Size does win fights when you’ve got a guy that is two to three divisions bigger, and that’s one of the reasons for Haney’s success when he was campaigning at 135.

At the press conference this week, Haney looked like a junior middleweight standing next to Prograis, and that size could be a problem for Regis.

“Maybe, we’ll see,” said Prograis when asked if he thinks Haney will be stronger at 140 than he was at 135. “I expect him to be bigger, and I expect him to be stronger.

“I’d rather not fight in my hometown,” said Regis when asked if he’s bothered fighting in Haney’s hometown of San Francisco, given that he’s the champion. “To me, California is cool.

“I won my second world title.
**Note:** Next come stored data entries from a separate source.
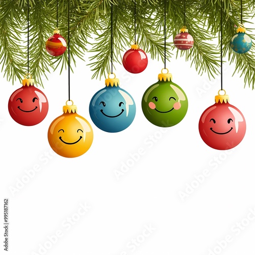 Festive Cartoon Ornaments with Smiley Faces for Christmas
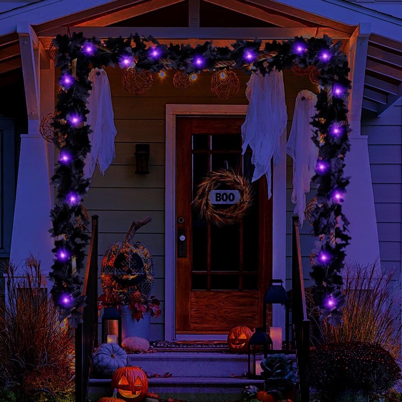 - 2 Pack Artificial Maple Leaves: There are 2 pack maple leaf hangings, 2 LED purple lights and 2 hooks in total. Each maple leaf garland is approximately 5.7 feet, total length is about 11.4 feet. All black makes these autumn hanging vines full of Halloween atmosphere.
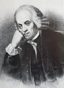 Johnson's future now began to look uncertain, as his father was deeply in debt.[38] To earn money, Johnson stitched books for his father, although poor eyesight—a result of his childhood illness—meant he eschewed the work involved. It is possible that Johnson spent most of his time in his father's bookshop reading various works and building his literary knowledge. During this time, Johnson met Gilbert Walmesley, the Registrar of the Ecclesiastical Court and a frequent visitor to the bookshop.[39] Walmesley took a liking to Johnson, and the two discussed various intellectual topics during the two years Johnson spent working in the shop.[40] Their relationship was soon put on hold; Sarah Johnson's cousin, Elizabeth Harriotts, died in February 1728 and left her £40 (about £5,400 as of 2021), which was used to send Johnson back to school.[41][42]
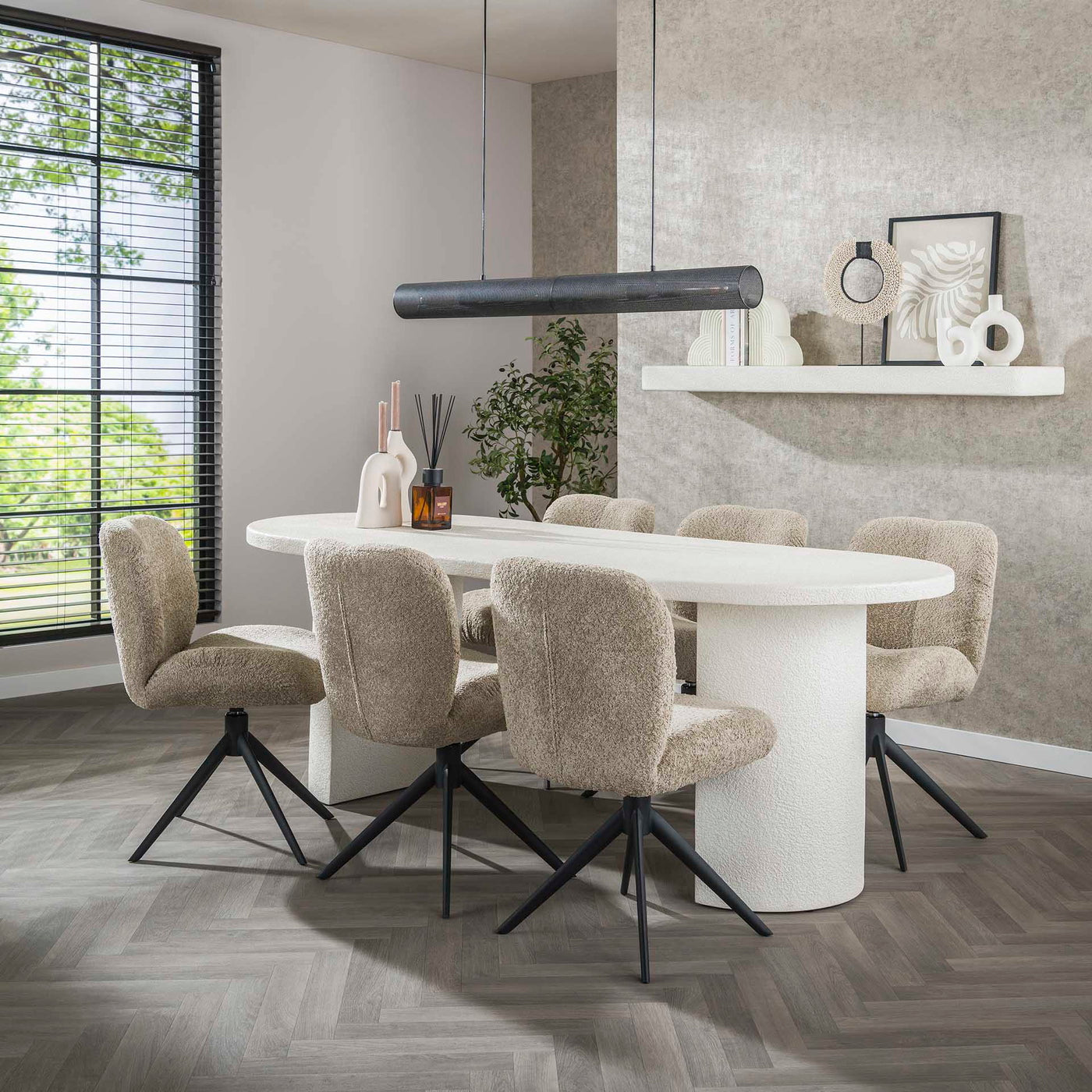 De Eettafel Arch Stone van 215 cm van Giga Meubel is een prachtige toevoeging aan jouw interieur. Deze tafel combineert de minimalistische Japandi-stijl met de luxe uitstraling van marmer composiet. Het witte tafelblad en onderstel zorgen voor een frisse en moderne look, terwijl de hoogwaardige materialen garant staan voor duurzaamheid en kwaliteit. Deze eettafel is perfect voor gezellige diners met familie en vrienden en zal zeker een eyecatcher zijn in jouw eetkamer.
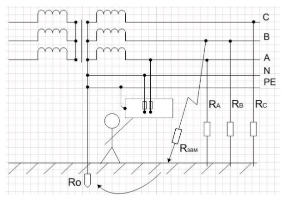 Напряжение на корпусе при обрыве нулевого провода и замыкании на корпус без повторного заземления нулевого провода
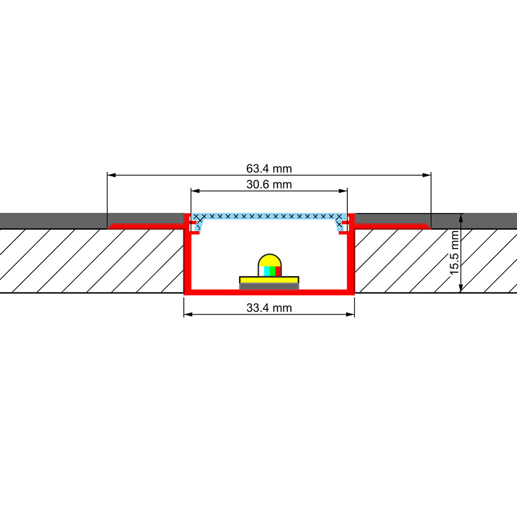 LED Profilelement V30 profile is for concealed and integrated installation in walls and ceilings. The V30 LED recessed profile is made from high-grade aluminium, in which a 3cm wide channel allows for more than one length of LED tape (if desired) to run through. If the distance of the LED chips is less than 15mm, a homogeneously illuminated line (without visible points) is created. Perfect for creating dramatic indirect lighting effects behind 'floating' structures. Opal supplied diffuser cover made of polycarbonate (PC) is weathering and UV-resistant and flame-retardant. The optional end caps, made of polypropylene (PP), additionally seal the profile.

There’s something about California that I do good at. I train here, and I used to live here, so I’m cool about it being in the Bay Arena.

Regis vows to “whip Devin”

“Josh Taylor, that’s the only one,” said Prograis when asked if there are any fights on his resume that he wished he’d fought better. “Against Zorilla, I could have done some things differently. It’s past for me. Now, it’s working for the future.”

Prograis should have fought from the outside instead of brawling with Josh Taylor in close in their fight in 2019, and that’s why he lost.

In Prograis’ last bout with Danielto Zorrilla, he couldn’t cut off the ring and looked timid to let his hands go when he would trap him. From the outside, Prograis was unable to jab with Zorrilla, and he was at the mercy of him.

“Right now, I’m working on all my holes,” said Prograis. “I feel like I’m in a good position. All that stuff has prepared me for now. All the waiting and frustration. I told everybody I was going to be a two-time world champion. ‘Oh, you’re stupid.’

“I’m about to fight a pay-per-view fight against Devin Haney, and I’m going to whip Devin Haney’s a**. He [Eddie Hearn] told me, ‘We’re going to get you a fight against Haney or Ryan Garcia.

“We’re going get you big fights,’ and that’s what I did. That’s where we are right now. So that was one of the decisions to go to Matchroom,” said Prograis.